The ETL refers to the extract, transform, and load process. Normally, this is associated with the data coming to the data warehouse form multiple source systems. During extract, variables are extracted from various sources e.g., an ERP database. In the transform, data is transformed into a desired structure e.g., source systems have price and quantity while target systems – the data warehouse – have total i.e., multiplication of price and quantity. The transformation may also include filtering unwanted data, sorting, aggregating, joining data, data cleaning, data validation based on the business need. Lastly, the load step involves the transformed data being loaded into a destination target, which might be a database or a data warehouse. One of the issues that might occur during ETL is improper, or incomplete mapping. That is, not all columns in source systems are mapped to destination systems. If happened during data acquisition step of the BDA, that will lead to data loss or errors hence impact knowledge outcome and model predictive power.


Merge for completeness

Big data is generated at different source systems, so bringing such data together is a challenge. For example, in order to ensure completeness of the dataset in BDA, the data is to be retrieved from n sources: S1, S2, …, Sn. All source systems must send their data records to the central repository and it should be possible to define a relational operation that will reconstruct the dataset from the multiple sources. Such reconstruction could be horizontal via Union operator and vertical via Natural Join operator. For example, in case the dataset is split horizontally, we could retrieve them all in the central repository – data warehouse – using selection operator. That is, if the dataset comes from two horizontal sources, we then need two statements for full reconstruction: σ type = 'A' (S1) ∪ σ type = 'A' (S2). Or vertical sources reconstructed: Π ProductNo (S1) ∪ Π ProductName (S2). Failing to reconstruct the dataset completely leads to prediction accuracy being low for the model used.
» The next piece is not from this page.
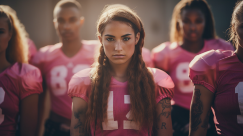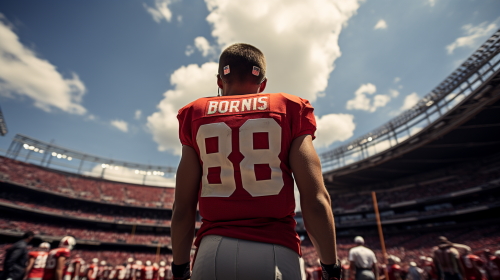 American high school football player. Extreme blue skies. Rear view of football player. Picture taken from behind football player. Action shot on the field. Extreme low angle shot. Black and white with vibrant color splash. Full body shot. Jersey number “8”. Quarterback scoring game winning touchdown in final seconds of the game. In the style of a sports illustrated cover photo. Dramatic. Award winning. Minimalist with fractal patterns. Packed stadium. Extreme blue skies. Exciting. Photorealistic. High - end. Stylish. Shot with a Pentax. K - 3 III Monochrome. --ar 16:9 --q 0.5 --s 750

Fundamentally, BDA automates the knowledge discovery process from data, or datasets, in order to make predictions. Such discovery is a genuine machine science in which all process steps are subject to automation. Generating new theories is among the roles predictive analytics is expected to play (see above), achieved through the development or improvement of models. Such theories target to predict a variable in the future, given a set of explanatory variables or predictors. Some theories may even be able to explain the causal relationship between independent and the dependent, while others do not have such explanatory power.

One of the core question for science and practice regarding utility is: what are the necessary epistemological preconditions that make predictions based on model-based data processing acceptable for human stakeholders? Here we consider the primary criterion to be the performance: the success of the prediction (i.e. it turns out to be true) is far more important than how we have reached it. Our rationale here is grounded on the counter question: What else could be more relevant to assess prediction rather than its correctness? If theory is not able to correctly predict the future, we also start to question every aspect of it (constructs, variables, relationships, assumptions, context) and/or leave it aside.

There is an argument that a prediction without explanation is inferior, hence BDA-based predictions lack the explanation power in many occasions and that render them 'incomplete'. However, often enough predictions based on explanatory theories are not accurate (enough). And in many real life cases prediction precedes explanation, i.e. certain phenomena (e.g. an epidemic or seasonality sales) can and/or should be predicted with the reason behind the phenomena to be revealed only later (if at all). It is certainly the case that to some extent BDA-based prediction lacks the explanatory power. But especially in the beginning of exploring new phenomena this should not be considered as an argument to rule out BDA application. And in such cases the acceptability of the prediction and the trust in its results should rather be derived from the transparency and lightweight theory-driven governance of the BDA process.